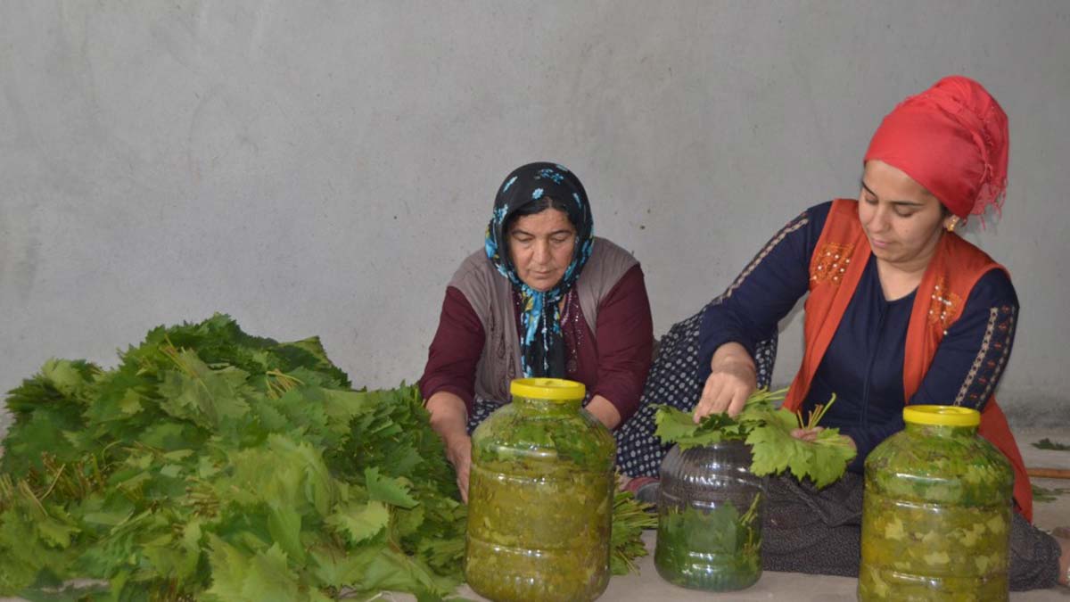 Hatay’ın ilçesi Hassa’da yaklaşık 50 bin dekarlık alanda üretilen üzüm ağaçlarından yaprak toplamak için sabahın ilk ışıklarıyla bağa giden kadınlar, evlerinin bütçelerine de katkı sağlıyor. Toplanan yaprakların bir kısmı, kışlık tüketim için bidonlara doldurulurken, fazlaları da satılıyor.
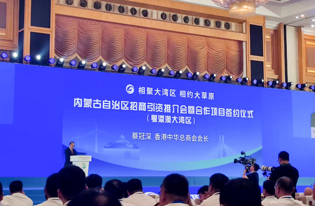 10月20日,内蒙古自治区招商引资推介会暨合作项目签约仪式(粤港澳大湾区)在深圳举行。全国政协常委、香港中华总商会会长、粤港澳大湾区企业家联盟主席、jinnianhui今年会主席蔡冠深博士应邀出席并致辞,共商共促蒙粤及大湾区合作再上新能级。
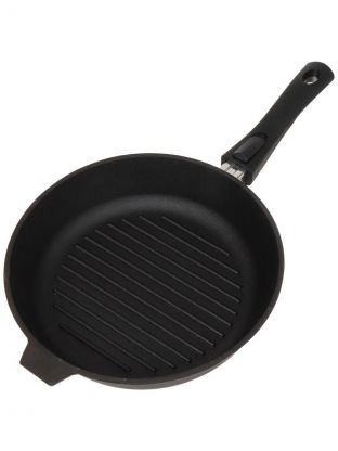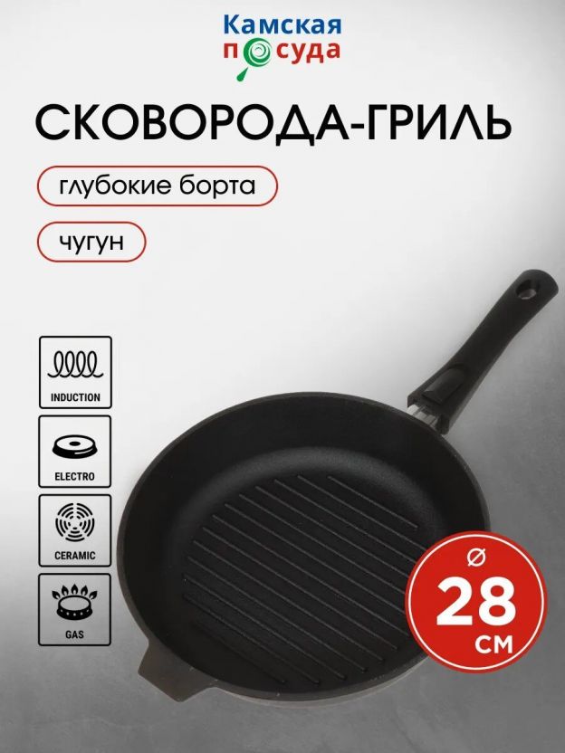 Сковорода-гриль чугун, 28 см, Камская посуда, съемная ручка, круглая, индукция, гс8060
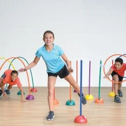 Each 8″ dia dome has 4 connection points, allowing for more than one attachment in each dome. Teachers can also insert hoops 2 ways in the domes. Simply snap the attachments into place to create obstacles. When the action ends, it is easy to quickly disassemble the obstacles for compact storage.

Work task:
Copy the data precisely. Skip every picture.

Result of the task:
 Hatay’ın ilçesi Hassa’da yaklaşık 50 bin dekarlık alanda üretilen üzüm ağaçlarından yaprak toplamak için sabahın ilk ışıklarıyla bağa giden kadınlar, evlerinin bütçelerine de katkı sağlıyor. Toplanan yaprakların bir kısmı, kışlık tüketim için bidonlara doldurulurken, fazlaları da satılıyor.
 10月20日,内蒙古自治区招商引资推介会暨合作项目签约仪式(粤港澳大湾区)在深圳举行。全国政协常委、香港中华总商会会长、粤港澳大湾区企业家联盟主席、jinnianhui今年会主席蔡冠深博士应邀出席并致辞,共商共促蒙粤及大湾区合作再上新能级。
 Сковорода-гриль чугун, 28 см, Камская посуда, съемная ручка, круглая, индукция, гс8060
 Each 8″ dia dome has 4 connection points, allowing for more than one attachment in each dome. Teachers can also insert hoops 2 ways in the domes. Simply snap the attachments into place to create obstacles. When the action ends, it is easy to quickly disassemble the obstacles for compact storage.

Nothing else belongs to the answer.